In answering to Charles Tannock’s (rightful) advice ensuring that we are “not blinded to reality by praising what is good when its obviously so even if emanating from the EU”, it is worthwhile focusing on Gordon Brown and Alistair Darling’s rescue plan and their supposed replication of the British model within a grander pan-European plan. After all, it sounds very good, does it not? Right now, Brown is being painted in the European media as a knight in shining armour. So, we must have some concerns for the plans, both the British package and also the trillion-euro pan-European plan. They are a big deal – and the Opposition is obliged to say something about it all (even if we are in agreement). So, here we go:
This is a massive gamble for taxpayers, both British and European. On the pan-European £1.17 trillion plan, I would suggest that the spending spree amounting to £1.17 trillion may turn out to be the biggest historic gamble of taxpayers’ money in recent European history. There are no guarantees it will work. There are no guarantees on future returns for eurozone Governments. There are certainly no guarantees that it will bring about more long-term good than harm in the global financial system. I am sure that the £1.17 trillion injection will be a welcome contribution to a pot which has so far proved to be bottomless.
Did Brown save the day for Europe? On Gordon Brown’s supposed EU model, I think Gordon Brown and David Miliband’s suggestion that Europe has borrowed the British rescue model of tackling insolvency through liquidity injections, tackling funding through recapitalisation and tackling confidence through wholesale guarantees, means very little. Germany’s salvaging of Hypo Real Estate, the Dutch-Belgian rescue of Fortis and the French-Belgian rescue of Dexia have already been propped up along those lines. If anyone needs thanking right now, it is possibly France’s finance minister, Christine Lagarde. There is no proof in the success of Brown’s model in Britain, so we shall have to see if it is sufficient for Europe.

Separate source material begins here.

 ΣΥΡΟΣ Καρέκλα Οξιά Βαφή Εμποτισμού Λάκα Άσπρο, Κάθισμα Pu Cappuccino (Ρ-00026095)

The one-size-fits-all eurozone approach appears unachievable. On Chancellor Angela Merkel’s claim in Paris that ‘we need a common approach in Europe but we must be able to adapt to each national situation in a flexible way’ is unachievable. The European Union and its 15-member eurozone have always followed an all-or-nothing approach according to a one-size-fits-all European solution. It has broken down in the face of reality.

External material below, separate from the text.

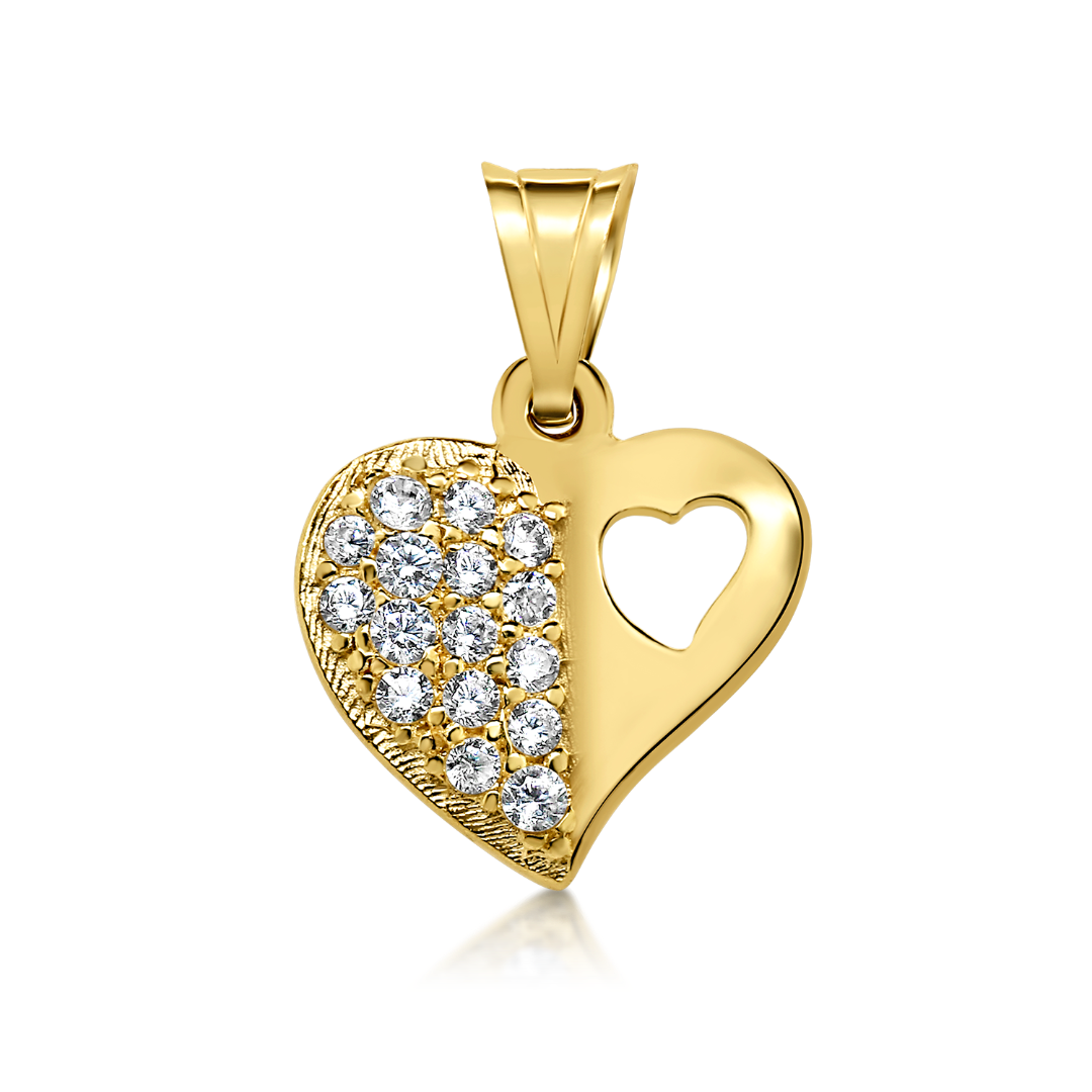 Pandantiv din aur galben de 14K în formă de inimă cu pietre Cubic Zirconia și decupaj.

Saving the reflexive British economy is different from rescuing the eurozone. On EMU, we might say that the failure of the EU's rigid economic and monetary union will become one of the most striking issues of the entire financial crisis since at its heart, Europe has always been wrong to assert that a singly harmonised and regulated European economic landscape with one single currency will work. It is the doomed economic environment upon which the European banking system rests, particularly for the eurozone 15. Consumers, taxpayers and voters across Europe are now paying the price.
Europe has declared it is a bottomless financial pit, so we should treat it as one (i.e. with caution). Regarding Gordon Brown’s initial proposals, Gordon Brown’s push to set up a European-wide funding plan, despite the flop at last Tuesday’s meeting in Luxembourg for a common banking rescue plan, and despite the collapse of the Growth and Stability Pact criteria in the Paris summit on the previous Saturday (which effectively means a collapse of eurozone financial standards), is to condemn Britain to further troughs in the financial crisis. That puts the European Union at fault and I do not even know if Brown’s approach is the right one. It may be a first.
As for EU regulation in the crisis, you know my view: that the European Union is grossly (but not singularly) at fault in the financial crisis. For example, we only have to talk of the Takeover Code and Market Abuse Directive – as Mervyn King has done – to see that they were to blame for the confusion in a potential takeover of Northern Rock. Again, politicians who have begun discussing ‘mark-to-market’ accounting rules used by all banks to value their assets have their basis in the EU Capital Requirements Directive. The last thing that Member States want is an even tighter stranglehold within the EU which is about to leave them to perish in the winter of their discontent.